The new algorithm at work, turning a cat into something an AI—and humans—will perceive as a dog.
Image: Google Brain

Computer scientists at Google Brain have devised a technique that tricks neural networks into misidentifying images—a hack that works on humans as well.

As Evan Ackerman reports at IEEE Spectrum, so-called “adversarial” images can be used to trick both humans and computers. The algorithm, developed by Google Brain, can tweak photos such that visual recognition systems can’t get them right, often misidentifying them as something else. In tests, a deep convolutional network (CNN)—a tool used in machine learning to analyze and identify visual imagery—was fooled into thinking, for instance, that a picture of a cat is actually a dog.

Left: Unmodified image of a cat. Right: A modified, “adversarial” image made to look like a dog.
Image: Google Brain

Fascinatingly, humans were likewise tricked, a finding that suggests computer scientists are inching closer to developing systems that see the world just like us. More troublingly, however, it also means we’re about to get a whole lot better at tricking humans. The new study hasn’t been published yet, but it’s available at the arXiv preprint server.
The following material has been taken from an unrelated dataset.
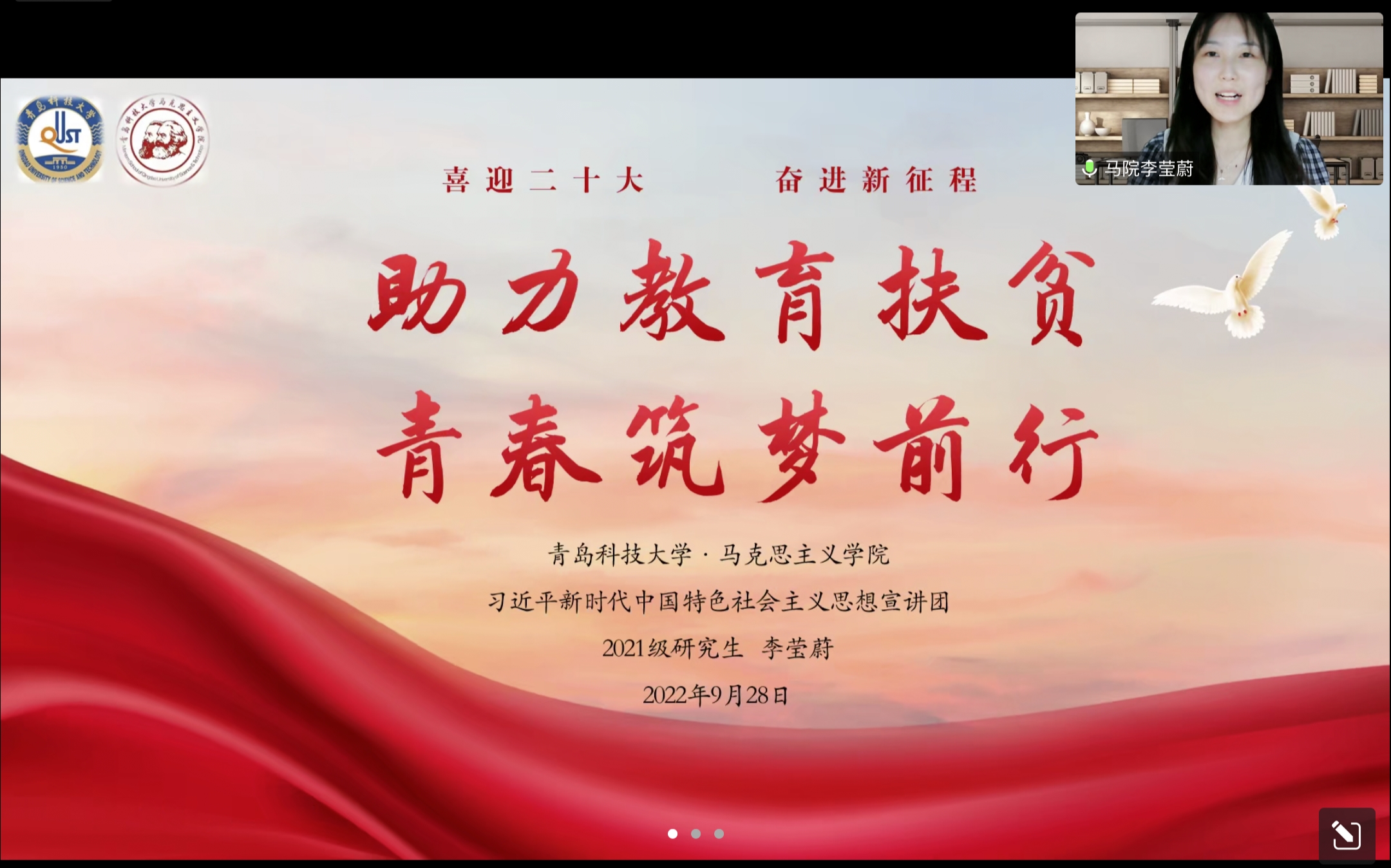 李莹蔚以《助力教育扶贫,青春筑梦前行》为题,为大家详细梳理了教育扶贫从形成到成熟的发展过程,强调了教育对于阻断贫困现象代际传递的重要意义。她向研究生支教团成员们倡议:在支教岗位上践行橡胶品格,发扬科大家风,贯彻学校第十一次党代会精神,立足岗位,发光发热,以实际行动迎接党的二十大胜利召开。

CNNs are actually really easy to fool. Machine-based approaches to computer vision don’t analyze objects the way you and I do. AI looks for patterns by meticulously analyzing each and every pixel in a photo, and studiously noting where the tiny dot sits within the larger image. It then matches the overall pattern to a pre-tagged, pre-learned object, like a photo of an elephant. Humans, on the other hand, take a more holistic approach. To identify an elephant, we notice specific physical attributes, such as four legs, grey skin, large floppy ears, and a trunk. We’re also good at making sense of ambiguity, and extrapolating what might exist outside the border of the photograph. AI is still pretty hopeless at both of those things.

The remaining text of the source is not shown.